Le grand hall de l'hôtel particulier des Rockefeller était somptueusement décoré pour l'occasion. Des chandeliers étincelants illuminaient la salle, où une foule élégamment vêtue se rassemblait peu à peu. La mère de Lauren, impassible comme à son habitude, supervisait tout d'un œil critique malgré leur divorce qui n'as pas pu être prononcé . Elle s'assurait que chaque détail soit parfait, comme si cette soirée pouvait réparer les fractures invisibles qui déchiraient sa famille.

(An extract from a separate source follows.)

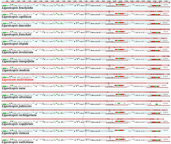 We downloaded sixteen plastomes (Ligusticum multivittatum plastome and fifteen Ligusticopsis plastomes) from NCBI databases (Table S1) and annotated them using Geneious R11 (Biomatters Ltd., Auckland, New Zealand) [29]. For plastome comparison analyses, we first compared the IR/SC boundaries of these sixteen plastome sequences using Geneious R11 (Biomatters Ltd., Auckland, New Zealand) [29] and visualized it after manually adjusted. Then, we detected the possible gene rearrangements among these sixteen sequences using the whole genome alignment tool Mauve v1.1.3 plugin [30] in Geneious R11 (Biomatters Ltd., Auckland, New Zealand) [29], setting other parameters as the default values. Finally, we investigated the degree of variation sequences of these sixteen sequences using the LAGAN model implemented in mVISTA tool [31] with Ligusticopsis brachyloba (Franch.) Leute as the reference.

Lauren arriva en retard, vêtue d'une robe noire qui soulignait son élégance naturelle, mais ses yeux trahissaient une fatigue profonde. Depuis la mort de son père, elle avait plongé encore plus profondément dans son travail et dans ses propres démons. L'idée de cette soirée l'avait angoissée, mais elle avait choisi de faire face, même si elle se sentait plus vulnérable que jamais.
Elle n'avait pas bu depuis des jours, se promettant de rester sobre pour cette soirée en hommage à son père. Mais en entrant dans la salle et en voyant les regards pleins de pitié ou de curiosité des invités, une sensation de suffocation l'envahit. Elle se dirigea immédiatement vers le bar, attrapa un verre de champagne et le vida d'un trait.
Alors que la soirée avançait, Lauren remarqua l'arrivée de Nayman et Mentissa. Ils étaient là, ensemble, rayonnants dans leur complicité. Pour Nayman, c'était une soirée délicate, mais il avait décidé de venir par respect pour la mémoire de Robert , et aussi pour soutenir Lauren, malgré leur séparation tumultueuse.
Lauren les observa de loin, son cœur se serrant. Chaque sourire échangé entre eux, chaque regard complice, était comme une aiguille qui se plantait un peu plus dans son cœur. Elle se servit un autre verre de champagne, puis un troisième. La tension en elle ne faisait que grandir, amplifiée par l'alcool qui commençait à embrumer son esprit.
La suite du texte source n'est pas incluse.